=== Begin Enclosure ===

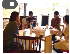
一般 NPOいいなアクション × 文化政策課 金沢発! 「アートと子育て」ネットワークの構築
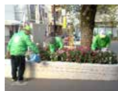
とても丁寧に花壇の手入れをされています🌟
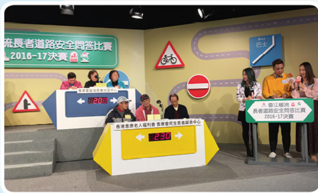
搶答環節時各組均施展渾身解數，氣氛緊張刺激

=== End Enclosure ===

▸ **EXERCISE REQUIREMENTS**
Transcribe all data precisely. Pictures are not copied.

▸ **EXERCISE RESPONSE**
一般 NPOいいなアクション × 文化政策課 金沢発! 「アートと子育て」ネットワークの構築
とても丁寧に花壇の手入れをされています🌟
搶答環節時各組均施展渾身解數，氣氛緊張刺激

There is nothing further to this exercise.